The pulse signal generation circuit unit 120 is configured to generate a pulse signal having a 'low' level from a section where the address signal IN transitions to a section where the pulse signal output from the delay circuit section 110 transitions. As illustrated, the PMOS transistor P1 switched by the address signal IN and the PMOS transistor P3 switched by the output signal Nd6 of the delay circuit unit 110 are connected to a power supply voltage Vdd and a node. A PMOS connected in series between the Nd7 and the PMOS transistor P2 switched by the inverted signal of the address signal IN and the PMOS switched by the inverted signal of the pulse signal Nd6 output from the delay circuit unit 110. The transistor P4 is connected in series between the power supply voltage Vdd and the node Nd7. The NMOS transistor N1 and the NMOS transistor N2 switched by the address signal IN and the pulse signal Nd6 output from the delay circuit unit 110 are respectively the node Nd7 and the node Nd8. In parallel, the signals of the node Nd7 are transmitted to the node Nd8.

The node Nd8 includes an NMOS transistor N4 switched by an inversion signal of the address signal IN and an NMOS transistor N3 switched by an inversion signal of a pulse signal Nd6 output from the delay circuit unit 110. ) Is connected between the ground voltage Vss and the signal of the node Nd8 to the ground voltage Vss.

The pulse signal output to the node Nd7 is inverted by the inverter INV9 to output the address transition detection signal to the final output terminal OUT.

Next, the operation of the address transition detection circuit of the present invention having the above configuration will be described with reference to the operation timing diagram shown in Fig. 4A.

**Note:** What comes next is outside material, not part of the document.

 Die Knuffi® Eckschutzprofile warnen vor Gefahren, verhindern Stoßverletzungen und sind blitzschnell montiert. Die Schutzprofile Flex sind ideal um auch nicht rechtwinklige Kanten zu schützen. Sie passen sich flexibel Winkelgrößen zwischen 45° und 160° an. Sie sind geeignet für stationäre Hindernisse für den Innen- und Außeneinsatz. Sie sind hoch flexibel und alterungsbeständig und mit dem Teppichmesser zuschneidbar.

First, when an address signal IN as shown in FIG. 4A is input, a pulse signal such as (b) which is delayed for a predetermined time by the delay circuit unit 110 is output to the node Nd6.

When the address signal IN and the pulse signal Nd6 output from the delay circuit unit 110 are both 'low', the PMOS transistors P1 and P3 are turned on and the NMOS transistor is turned on. N1 and N2 are turned off so that node Nd7 has a 'high' potential level. However, when the address signal IN transitions from 'low' to 'high', the PMOS transistors P1 and P4 are turned off and the PMOS transistors P2 and P3 are turned on to supply power to the node Nd7. The voltage Vdd is cut off and the NMOS transistors N1 and N3 are turned on to form a current path with the ground voltage Vss, so that the node Nd7 has a low potential level. At this time, the NMOS transistors N2 and N4 turn off by the delayed time because the output signal Nd6 of the delay circuit unit 110 delays and outputs the address signal IN for a predetermined time. Thereafter, when the output signal Nd6 of the delay circuit unit 110 transitions from 'low' to 'high', the PMOS transistors P2 and P4 are turned on and the NMOS transistors N1 and N2 are turned on. Although in the state, the node Nd7 changes to 'high' because the NMOS transistors N3 and N4 are turned off.

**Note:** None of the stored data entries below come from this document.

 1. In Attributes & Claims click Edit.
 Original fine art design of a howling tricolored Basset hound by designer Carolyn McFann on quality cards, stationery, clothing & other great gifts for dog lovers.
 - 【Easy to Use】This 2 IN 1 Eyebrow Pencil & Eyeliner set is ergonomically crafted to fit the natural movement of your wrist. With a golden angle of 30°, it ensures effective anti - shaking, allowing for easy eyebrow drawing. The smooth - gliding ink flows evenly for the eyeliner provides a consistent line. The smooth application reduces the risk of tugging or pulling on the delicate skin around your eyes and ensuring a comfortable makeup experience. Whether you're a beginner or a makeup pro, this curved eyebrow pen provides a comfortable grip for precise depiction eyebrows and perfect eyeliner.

After that, when the address signal IN transitions from 'high' to 'low', the pulse signal Nd6 of the delay circuit unit 110 maintains 'high' for a predetermined period, so that the PMOS transistors P2 and P3 The NMOS transistors N2 and N4 are turned off and a current path is formed from the node Nd7 to the ground voltage Vss so that the node Nd7 becomes 'low'. After that, when the output pulse signal Nd6 of the delay circuit unit 110 changes from 'high' to 'low' after a certain time, the PMOS transistors P1 and P3 are turned on and the NMOS transistors N1 and N2) is turned off so that node Nd7 has a 'high' potential level.

Therefore, in the present invention, the two rising edge circuits required by the rising edge detection circuit portion and the falling edge detection circuit portion are constituted by one circuit so that a change in the address input from the input line can be detected in the same manner.

The pulse signals of (a) and (b) of FIG. 4b respectively show an input address signal a and an output signal b which is an address transition detection signal when the power supply voltage is 3V. The pulse signals (c) and (d) represent the input address signal c and the output signal d which is an address transition detection signal when the power supply voltage is 1.5V, respectively.

As described above, in the address transition detection circuit according to the present invention, a delay portion for delaying the input signal of the ATD is divided into a rising and a falling in the conventional circuit, respectively. It is effective to greatly reduce the layout area and reduce the current consumption.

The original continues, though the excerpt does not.